* [Supplied material]:
════

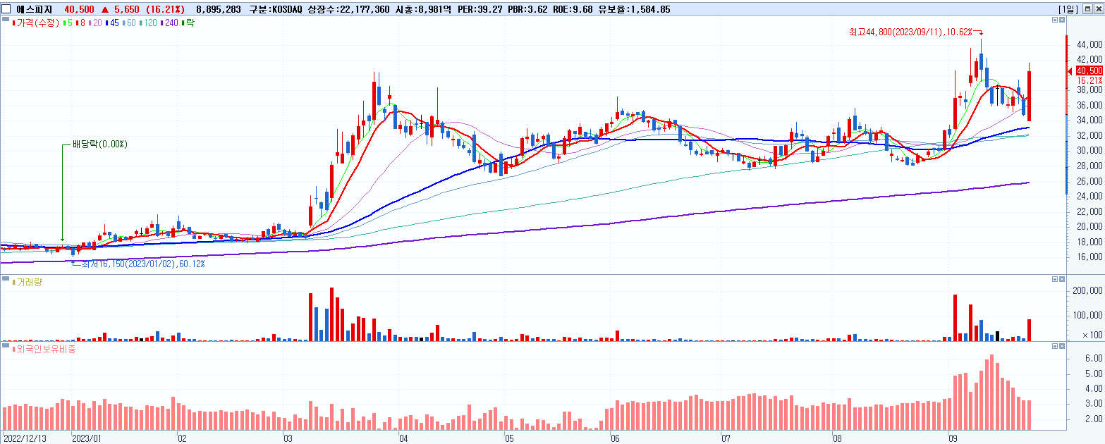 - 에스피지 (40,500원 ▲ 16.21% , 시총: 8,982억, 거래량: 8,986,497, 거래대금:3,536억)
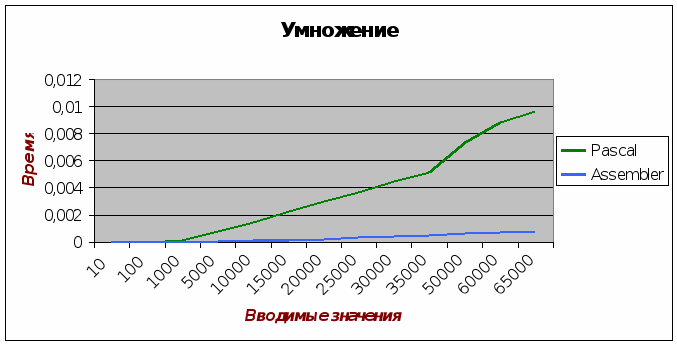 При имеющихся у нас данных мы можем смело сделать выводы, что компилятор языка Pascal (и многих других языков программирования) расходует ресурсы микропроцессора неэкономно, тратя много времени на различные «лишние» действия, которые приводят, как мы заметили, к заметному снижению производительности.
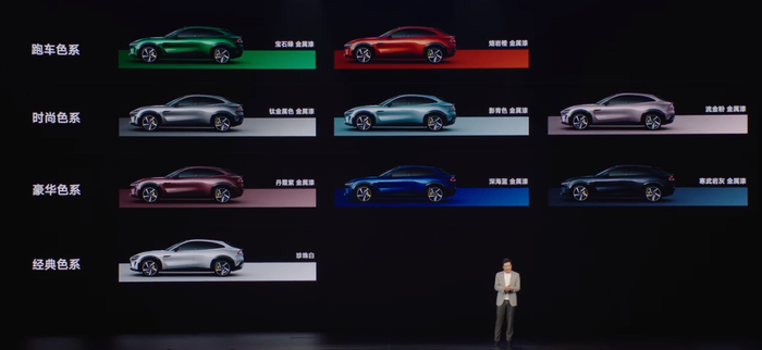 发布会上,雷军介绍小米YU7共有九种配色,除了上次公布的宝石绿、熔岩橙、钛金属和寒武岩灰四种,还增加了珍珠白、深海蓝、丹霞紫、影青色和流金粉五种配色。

════

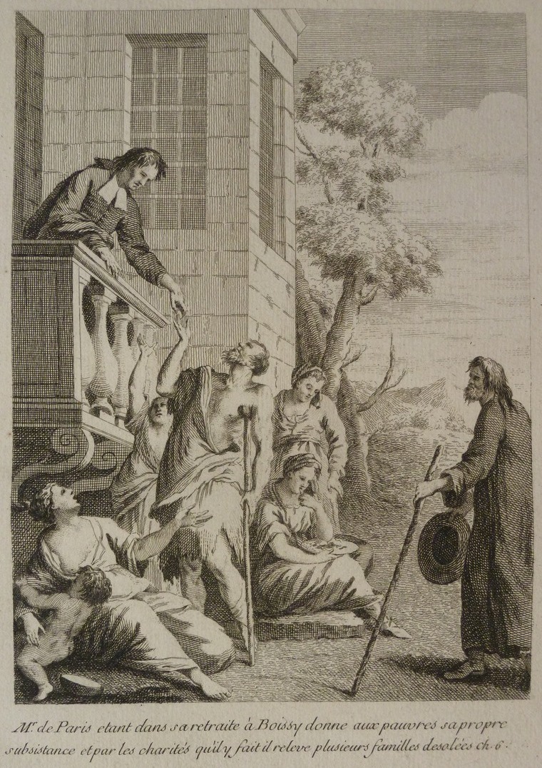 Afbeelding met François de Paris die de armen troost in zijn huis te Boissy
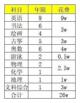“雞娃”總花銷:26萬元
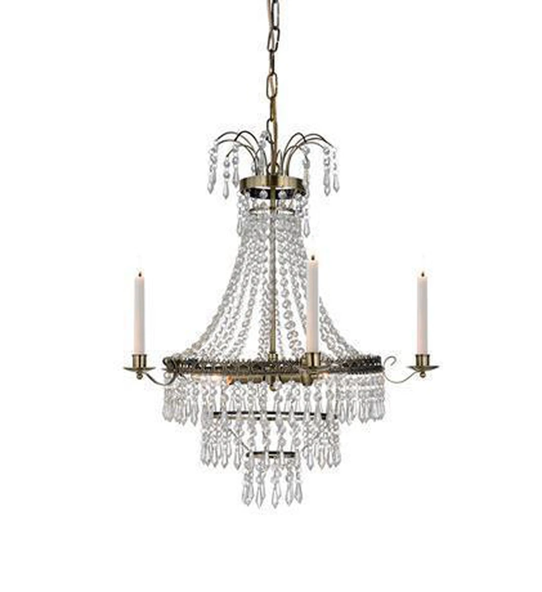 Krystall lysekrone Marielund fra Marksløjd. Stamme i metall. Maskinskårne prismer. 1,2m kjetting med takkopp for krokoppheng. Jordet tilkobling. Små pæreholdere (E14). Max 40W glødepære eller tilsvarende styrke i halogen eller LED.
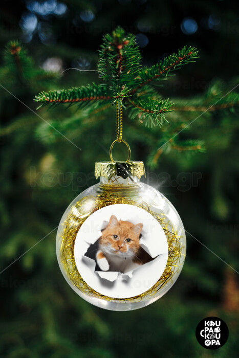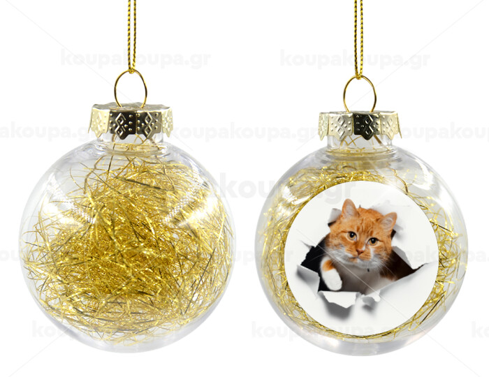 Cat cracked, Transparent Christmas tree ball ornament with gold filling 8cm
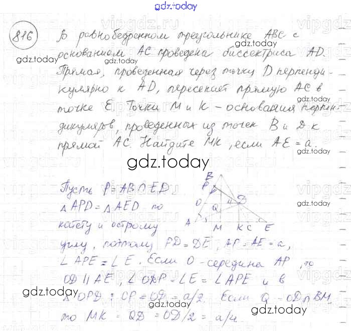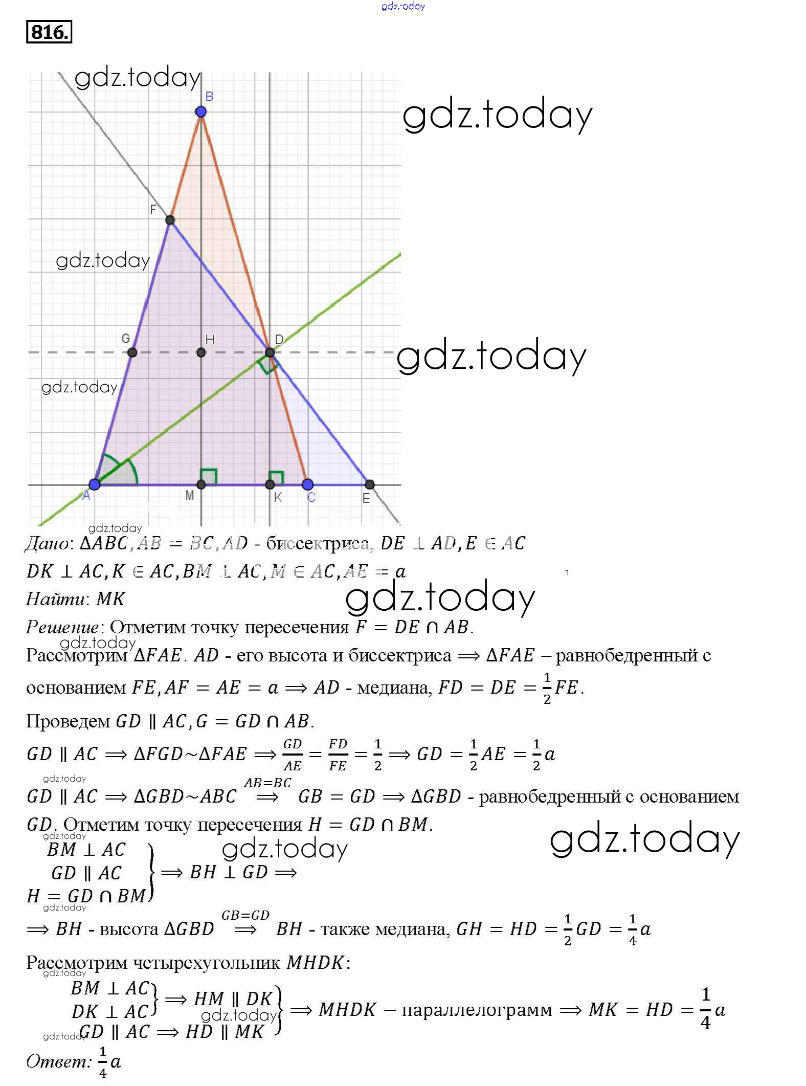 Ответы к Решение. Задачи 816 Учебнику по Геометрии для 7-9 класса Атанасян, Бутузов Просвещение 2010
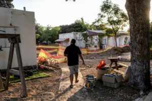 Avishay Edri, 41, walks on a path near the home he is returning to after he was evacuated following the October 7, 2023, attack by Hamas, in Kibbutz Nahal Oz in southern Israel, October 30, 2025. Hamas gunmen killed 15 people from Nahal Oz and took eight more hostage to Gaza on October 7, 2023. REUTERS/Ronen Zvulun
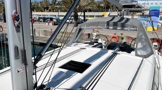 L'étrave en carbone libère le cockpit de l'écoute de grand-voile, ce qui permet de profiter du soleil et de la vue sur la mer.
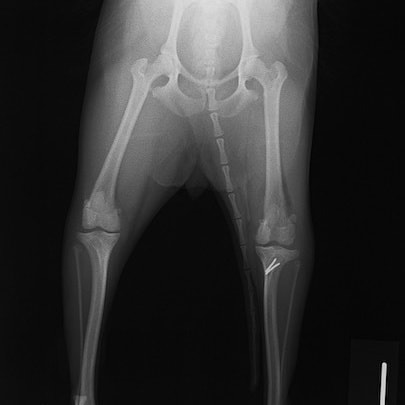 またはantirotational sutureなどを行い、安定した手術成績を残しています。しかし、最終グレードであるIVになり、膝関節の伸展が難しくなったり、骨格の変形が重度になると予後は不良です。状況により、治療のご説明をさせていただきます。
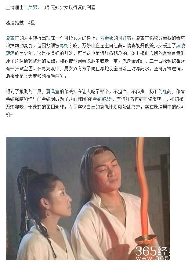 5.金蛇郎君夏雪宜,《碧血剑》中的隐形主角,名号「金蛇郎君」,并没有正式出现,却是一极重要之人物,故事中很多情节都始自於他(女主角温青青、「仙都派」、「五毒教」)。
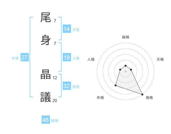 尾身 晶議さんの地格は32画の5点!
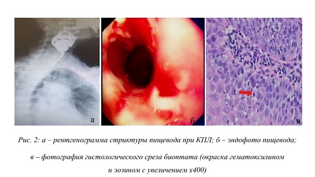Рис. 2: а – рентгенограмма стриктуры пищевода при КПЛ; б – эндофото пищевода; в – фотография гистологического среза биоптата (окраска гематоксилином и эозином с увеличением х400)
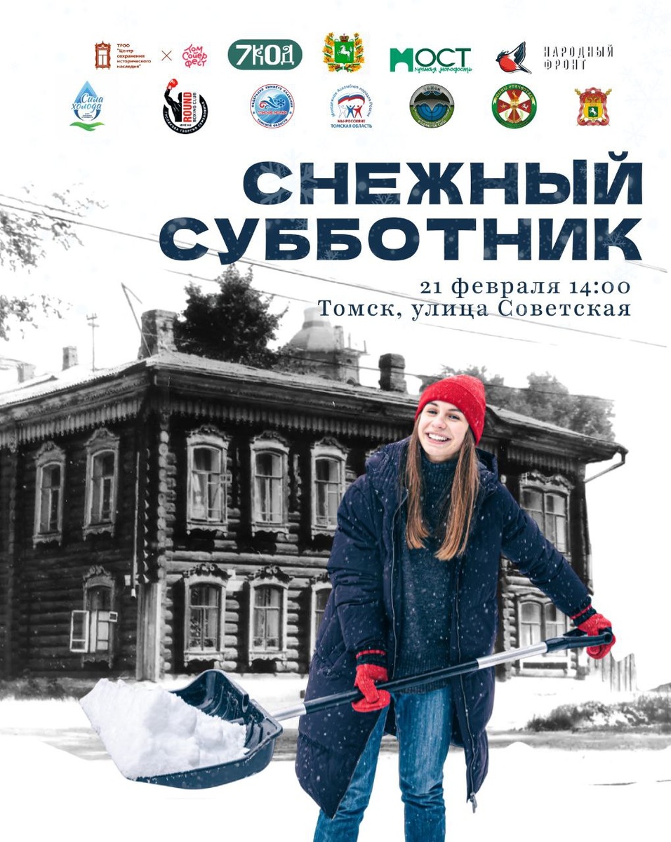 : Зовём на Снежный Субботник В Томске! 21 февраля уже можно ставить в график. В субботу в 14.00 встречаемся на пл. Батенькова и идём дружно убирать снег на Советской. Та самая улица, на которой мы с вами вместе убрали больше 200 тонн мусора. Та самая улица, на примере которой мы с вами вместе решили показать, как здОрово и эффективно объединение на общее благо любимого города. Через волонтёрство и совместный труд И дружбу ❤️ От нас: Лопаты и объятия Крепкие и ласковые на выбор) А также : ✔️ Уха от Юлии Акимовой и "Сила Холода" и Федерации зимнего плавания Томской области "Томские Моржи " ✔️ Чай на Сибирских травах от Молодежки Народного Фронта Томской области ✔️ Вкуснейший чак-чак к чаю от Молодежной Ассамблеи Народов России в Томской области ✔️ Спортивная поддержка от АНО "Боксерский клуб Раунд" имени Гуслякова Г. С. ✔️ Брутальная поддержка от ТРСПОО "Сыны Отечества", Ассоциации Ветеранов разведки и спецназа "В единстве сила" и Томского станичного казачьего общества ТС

════

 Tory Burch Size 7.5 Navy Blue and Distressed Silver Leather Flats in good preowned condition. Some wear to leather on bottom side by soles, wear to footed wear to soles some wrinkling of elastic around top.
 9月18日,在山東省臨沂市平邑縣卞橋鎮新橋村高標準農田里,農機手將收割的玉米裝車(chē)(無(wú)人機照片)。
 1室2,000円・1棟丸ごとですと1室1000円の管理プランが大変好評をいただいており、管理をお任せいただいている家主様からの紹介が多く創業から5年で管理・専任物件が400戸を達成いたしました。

════

* [Instructions for the task]: Output exactly the lines above, from the line with "Cat cracked, Transparent" to the line with "L'étrave en carbone", both included; skip the pictures.

* [Response to this exercise]:
 Cat cracked, Transparent Christmas tree ball ornament with gold filling 8cm
 Ответы к Решение. Задачи 816 Учебнику по Геометрии для 7-9 класса Атанасян, Бутузов Просвещение 2010
 Avishay Edri, 41, walks on a path near the home he is returning to after he was evacuated following the October 7, 2023, attack by Hamas, in Kibbutz Nahal Oz in southern Israel, October 30, 2025. Hamas gunmen killed 15 people from Nahal Oz and took eight more hostage to Gaza on October 7, 2023. REUTERS/Ronen Zvulun
 L'étrave en carbone libère le cockpit de l'écoute de grand-voile, ce qui permet de profiter du soleil et de la vue sur la mer.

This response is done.